TASK DESCRIPTION: Exactly as they appear, retype the lines from the one containing "Plate 167: Building" through the final line of the data below. Leave pictures out.

Data items
- - -

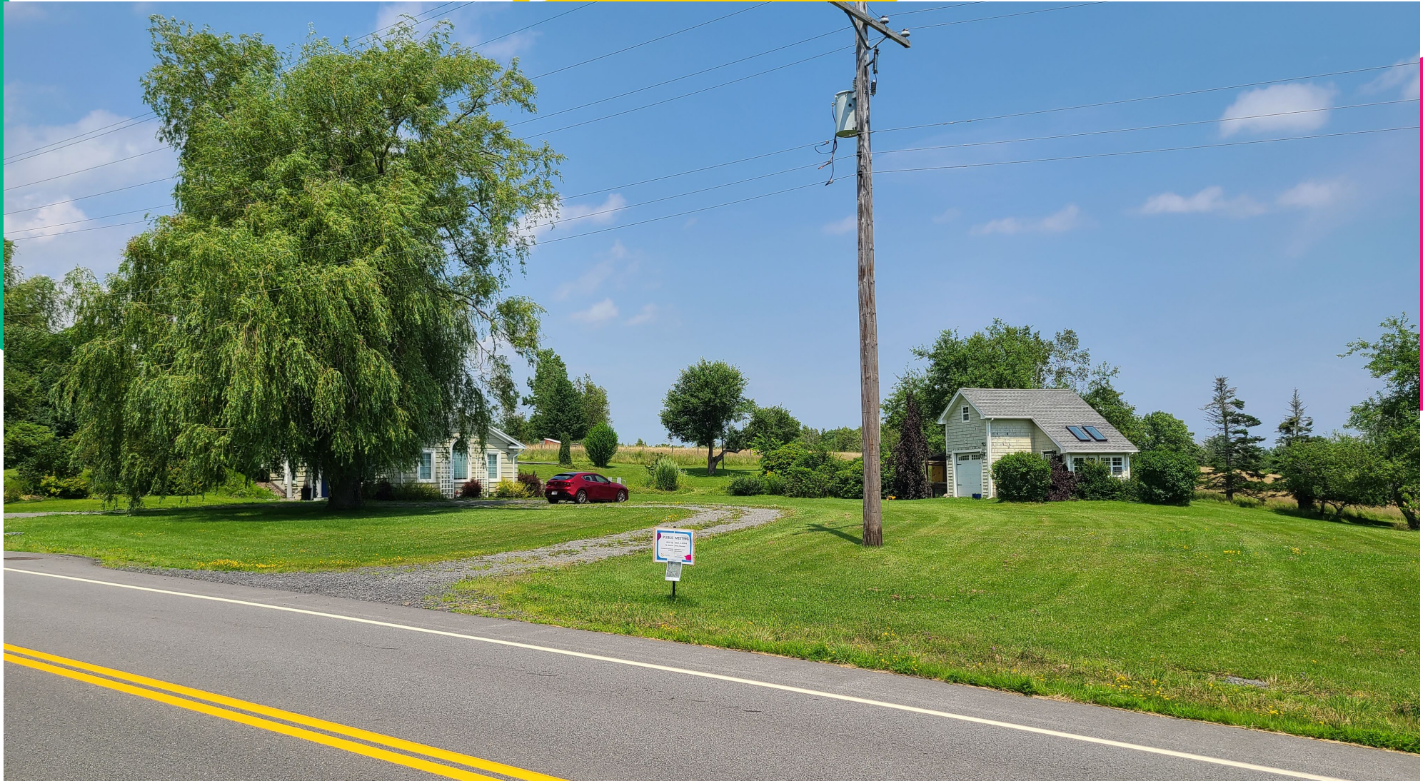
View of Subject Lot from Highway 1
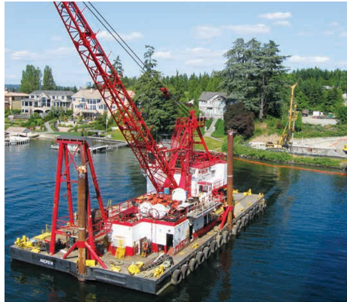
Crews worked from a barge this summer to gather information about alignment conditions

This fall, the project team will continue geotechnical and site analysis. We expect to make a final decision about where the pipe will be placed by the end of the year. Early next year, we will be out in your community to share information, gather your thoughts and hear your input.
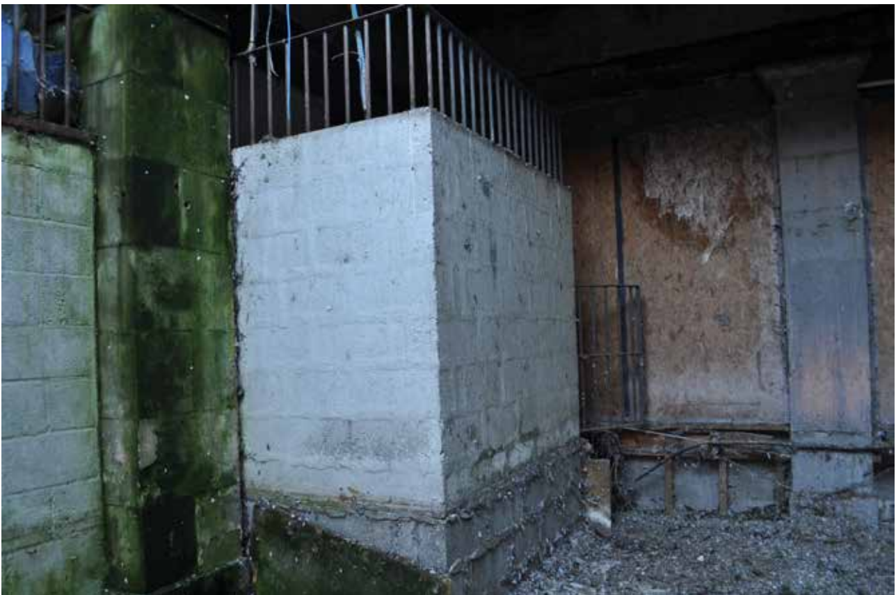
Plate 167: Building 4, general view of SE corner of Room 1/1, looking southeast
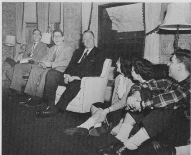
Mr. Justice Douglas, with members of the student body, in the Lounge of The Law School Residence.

- - -

SOLUTION FOR THIS EXERCISE:
Plate 167: Building 4, general view of SE corner of Room 1/1, looking southeast
Mr. Justice Douglas, with members of the student body, in the Lounge of The Law School Residence.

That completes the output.